Brain Stimulation
- Discipline: Neuromodulation
- Language: English
- Edited by: Mark S. George

Publication details
- History: 2008-present
- Publisher: Elsevier
- Frequency: Bimonthly
- Open access: Yes
- Impact factor: 9.611 (2021)

Standard abbreviations
- ISO 4: Brain Stimul.

Indexing
- ISSN: 1935-861X
- LCCN: 2007214181
- OCLC no.: 192010222

Links
- Journal homepage; Online access; Online archive;

= Brain Stimulation (journal) =

Brain Stimulation is a bimonthly peer-reviewed medical journal covering the field of neuromodulation. It was established in 2008 and is published by Elsevier. The editor-in-chief is Mark S. George (Medical University of South Carolina). It publishes original research, reviews, and editorials covering various modalities of neuromodulation such as transcranial magnetic stimulation, electrical deep brain stimulation, transcranial direct-current stimulation, ultrasound neuromodulation, and optogenetics.

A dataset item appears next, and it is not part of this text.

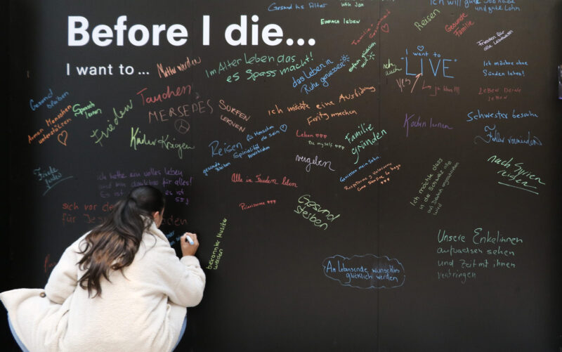 Es ist leicht, sich im Alltag zu verzetteln und zu vergessen, was einem wirklich wichtig ist. Die «Before I die»-Wand lädt Menschen jeden Alters dazu ein, zu hinterfragen, was sie in der ihnen verbleibenden Zeit auf dieser Erde noch tun und erleben möchten.

== Abstracting and indexing ==
The journal is abstracted and indexed in:

- BIOSIS Previews
- Biological Abstracts
- Current Contents/Clinical Medicine
- Index Medicus/MEDLINE/PubMed
- Neuroscience Citation Index
- PsycINFO
- Science Citation Index Expanded
- Scopus

According to the Journal Citation Reports, the journal has a 2018 impact factor of 6.919.